Дверь отворилась легко: ощущалась хозяйская рука. Газовый рожок осветил прихожую. Зонты в плетеной корзине, вешалка с верхней одеждой, обувной шкафчик, полочка под шляпы, полочка для перчаток, зеркало – вещи окружали, нависали, грозились обрушиться и погрести людей под собой.
Велев големам ждать, Юрген помог женщине разуться и снять пальто, довел до низкой софы в гостиной. В темной комнате было прохладно и сыро, как и любом помещении, оставленном зимой без присмотра на половину суток, хотя, казалось бы, живущие здесь люди могли позволить себе прислугу. Юрген подумал, что надо растопить камин, отыскать кухню и вскипятить чайник, но постеснялся хозяйничать в чужом доме.
– Келер Швестер… – кажется, Луцио обращался к ней именно так, – как вы себя чувствуете?
– Уже лучше. Извините меня, керр…
– Фромингкейт, – представился Юрген.
– Прошу прощения за неудобства, – виновато улыбнулась келер. – Я сама не ожидала, что окажусь настолько… слабой.
– Вам еще чем-нибудь помочь? – больше из вежливости осведомился стажер. – Позвать кого-то? Найти вашего мужа?
– Не уходите! – испуганно вскинулась она, будто он и впрямь мог покинуть женщину в таком состоянии одну, и тут же измученно опустилась обратно на подушки. – Помочь? Пожалуй, да. Вы ведь напарник Луцио?
Юрген кивнул.
– И знаете, что случилось с его прошлым напарником?

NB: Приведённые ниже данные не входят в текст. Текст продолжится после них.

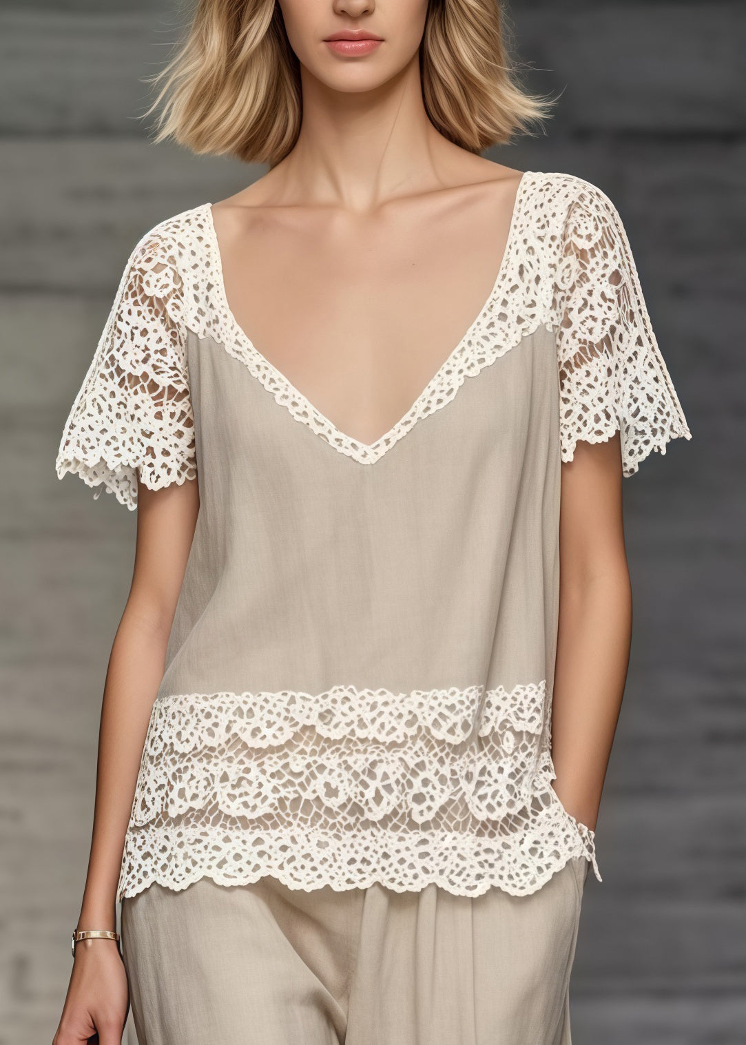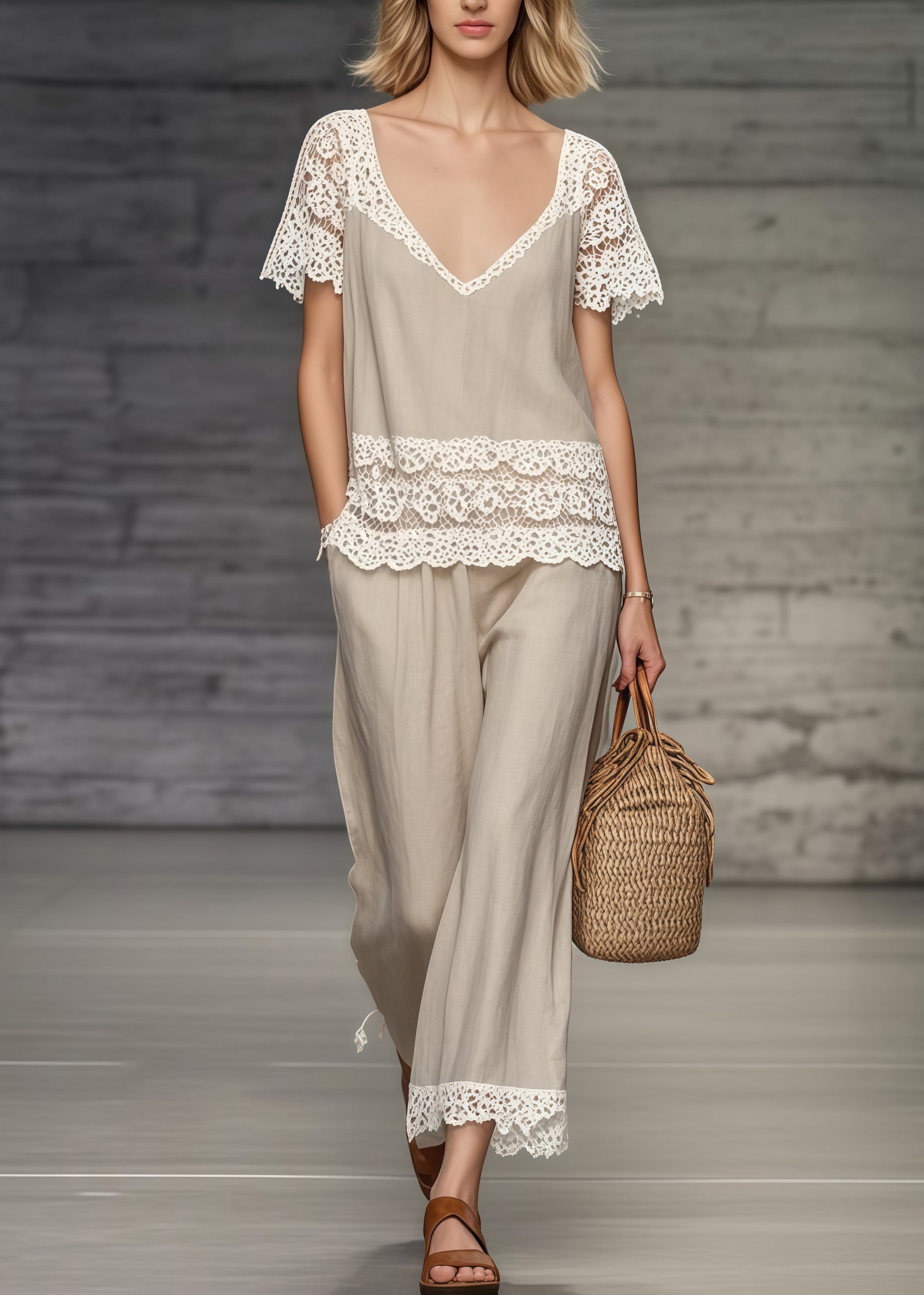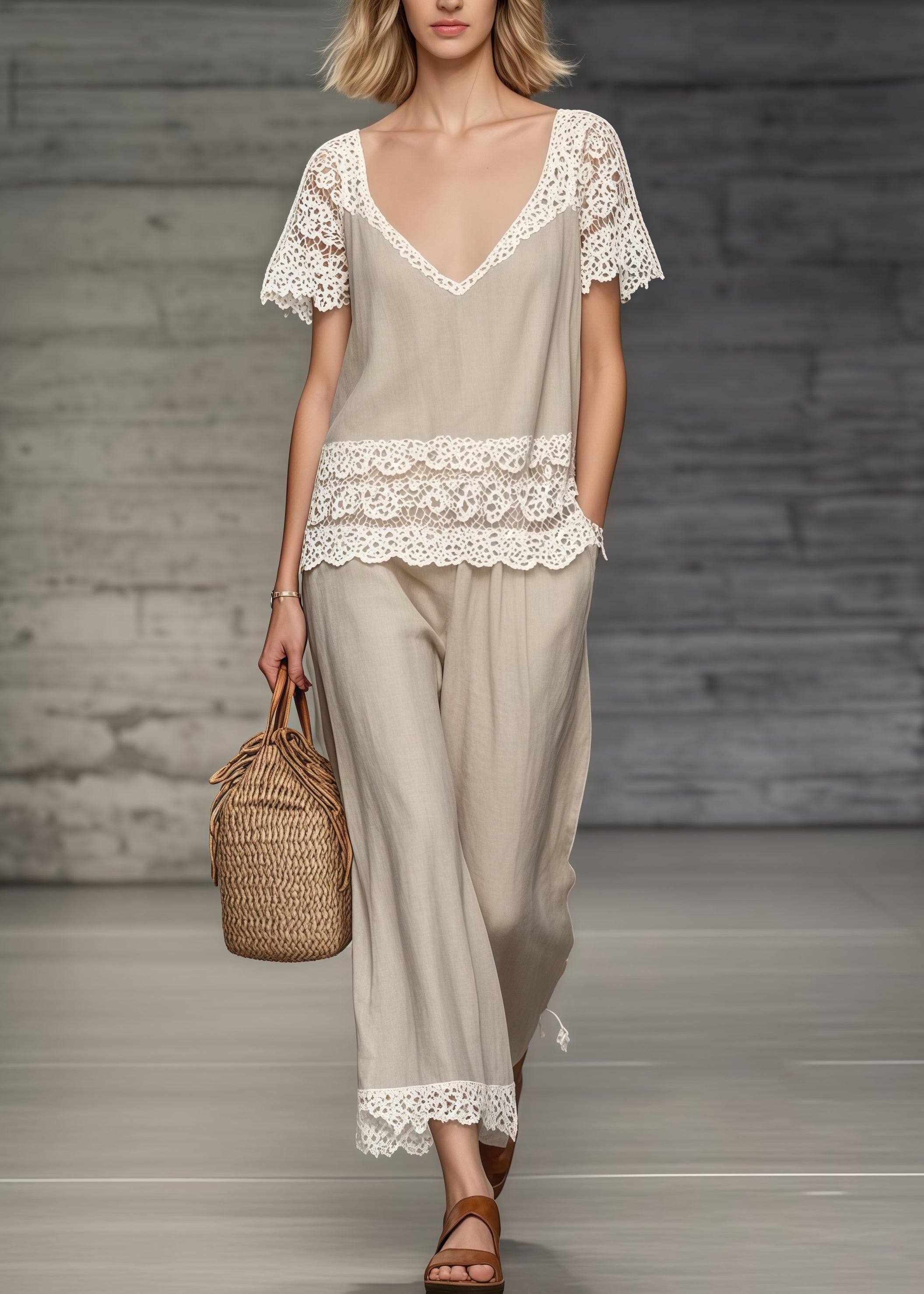 Boho Khaki V Neck Lace Patchwork Two Piece Set Women Clothing Summer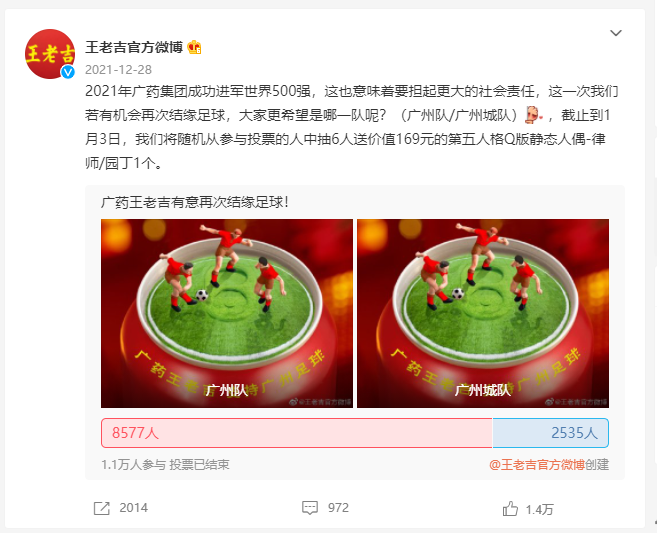 廣藥集團董事長李楚源曾在2021年12月27日廣州市第十二次黨代會上公開表示,2022年廣藥集團有意與廣州足球事業再次結緣。廣藥集團旗下品牌王老吉去年12月28日也在微博發起投票,征求網友對“廣州隊”或“廣州城隊”二選一的意見,截至2021年1月3日吸引了約1.1萬人投票。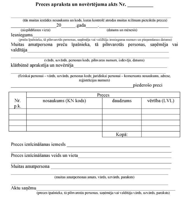 9. Pirms preču iznīcināšanas muitas amatpersona aizpilda preces apraksta un novērtējuma aktu (1.pielikums).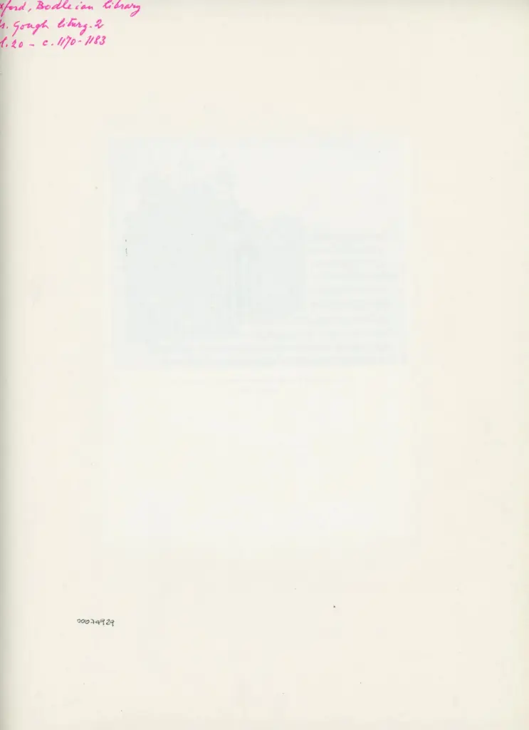 Si tratta della riproduzione fotomeccanica del foglio 20r del manoscritto Gough Liturg. 2 della Bodleian Library di Oxford. Il manoscritto digitalizzato a colori è visibile all'indirizzo https://digital.bodleian.ox.ac.uk/objects/50a477af-307d-421c-9911-a7b708389cb4/ (data ultima consultazione: 05/03/2024).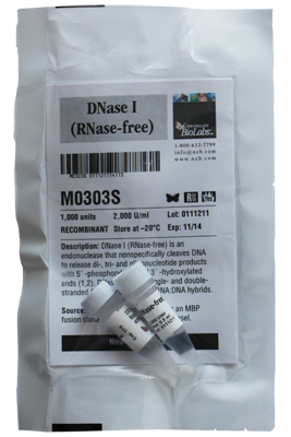 ДНК модифицирующий фермент ДНКаза I (нет РНКазной активности) (2 000 е.а./мл, 1 000 е.а.), арт. M0303 S, New England Biolabs Фермент предназначен для неспецифического расщепления ДНК до ди-, три- и олигонуклеотидов с фосфатными группами на 5’-концах и OH-группами на 3’-концах ; способен расщеплять одноцепочечную ДНК, двухцепочечную ДНК и гибриды ДНК/РНК. Происхождение фермента - штамм E.coli, несущий ген панкератической ДНКазы I быка, слитый с мальтоза-связывающим белком.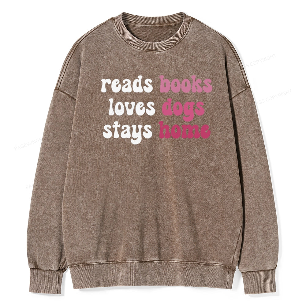 Pagewing Read Books & Love Dogs & Stay Home Unisex Washed Sweatshirt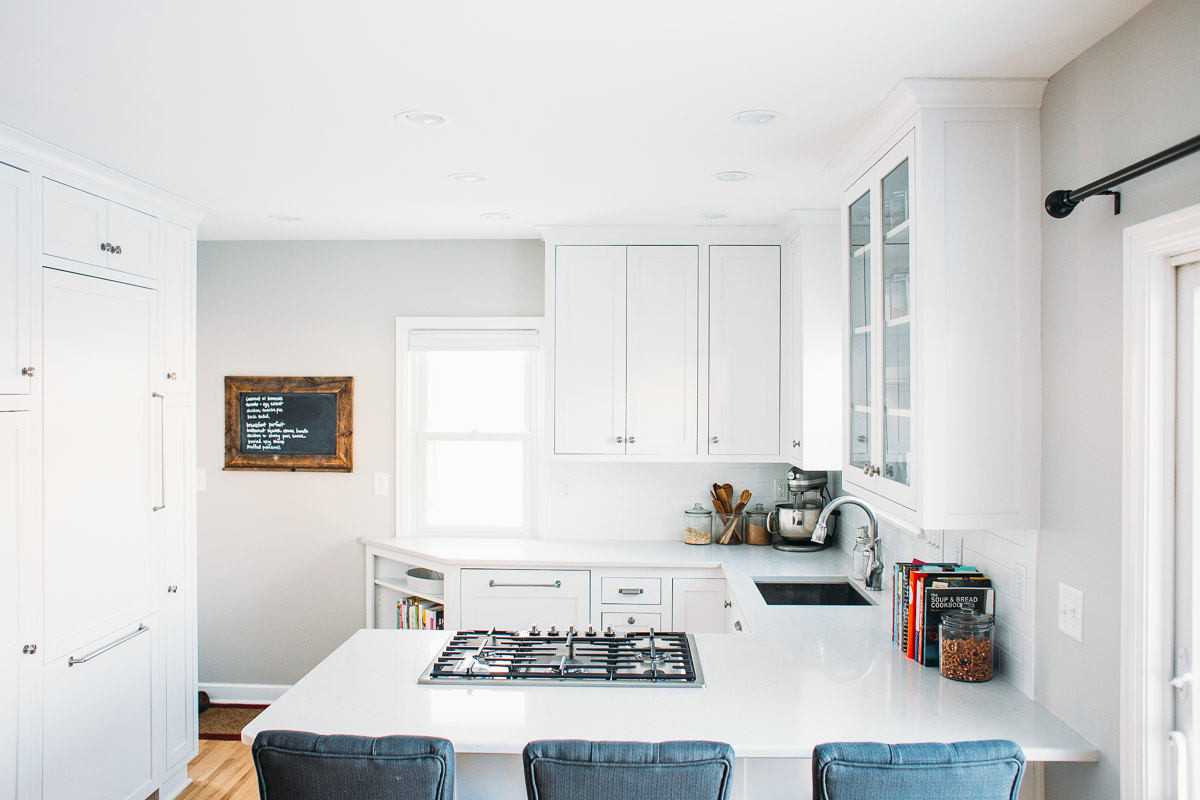 На фото грамотное расположение зон: раковина и плита вместе
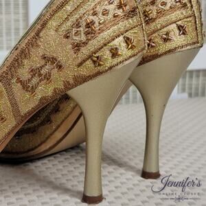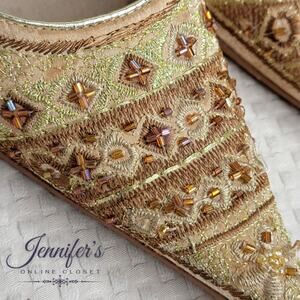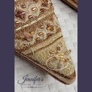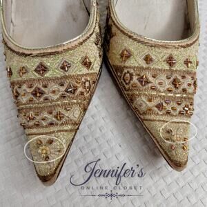 NOTED FLAWS: Just a small number of flaws. A few missing beads, mainly on the pointed toe. Heels have a few superficial scratches. (Noted in Photos). Both of these flaws are hard to see from afar due to the beaded and threading detail. Typical wear on soles (noted in photos). The footbed also has wear (also noted in photos).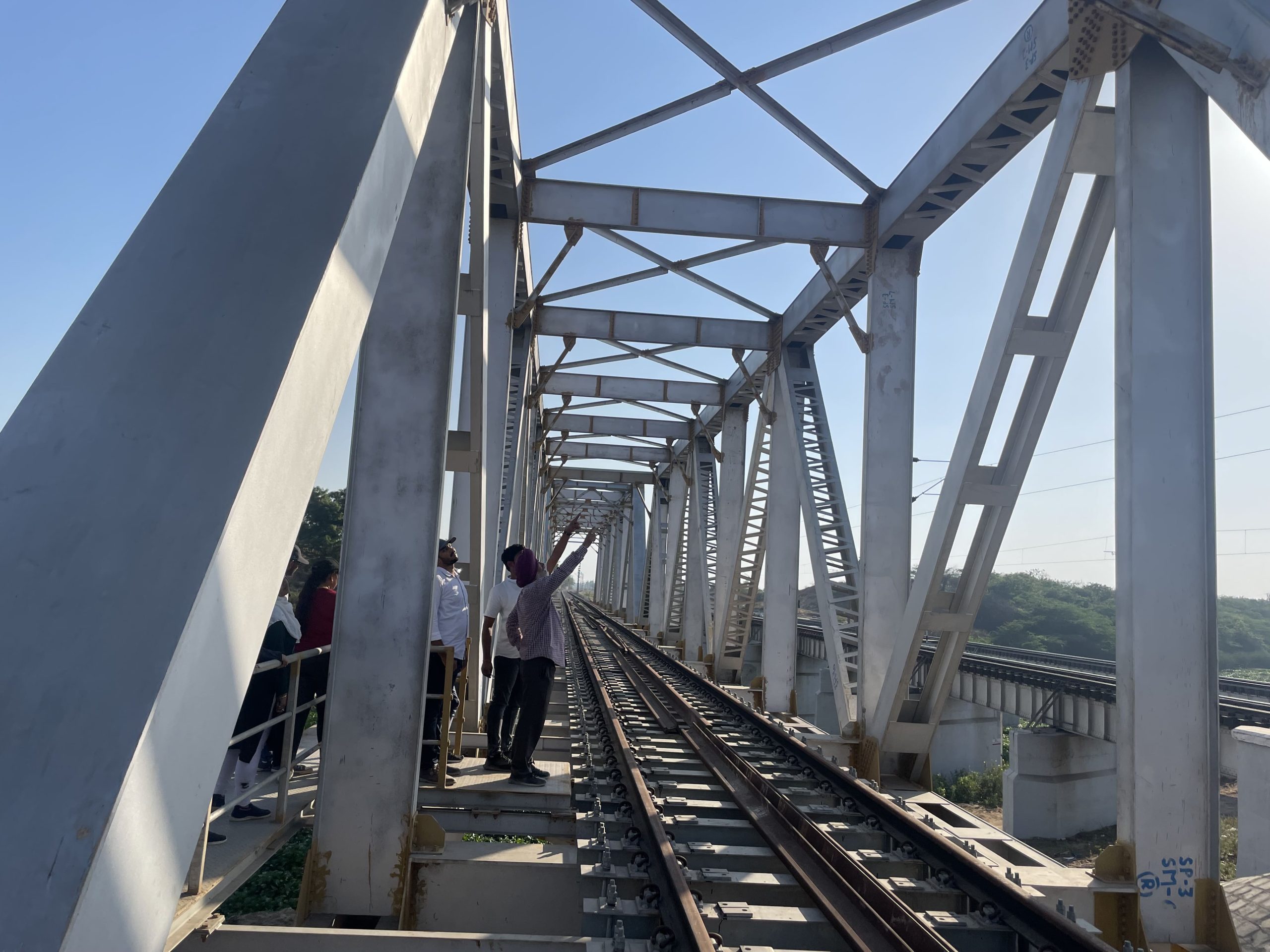 The Department of Civil Engineering has organised the third industrial visit to the ongoing railway project, “Construction works of 3rd railway line between Vijayawada and Gudur”. The tour was arranged with the support of Mr Basha, AGM, Rail Vikas Nigam Limited (RVNL) and coordinated by Mr Lakwanth Singh Khalsa, Project Manager, Systra, India. The field visit was guided by engineers from Systra and GR Infra (GRIL) working on respective sites and coordinated by the faculty.

Стажер помедлил, не желая обсуждать эту тему с посторонними.
– Я ведь не из любопытства спрашиваю, – поспешила добавить келер Швестер, заметив, как он нахмурился. – Гейст Рухенштат был моим братом.
Юрген понял, что отмолчаться не удастся, и выбрал нейтральное:
– Я читал дело триста пятьдесят два.
– Дело. Конечно, для вас это всего лишь дело!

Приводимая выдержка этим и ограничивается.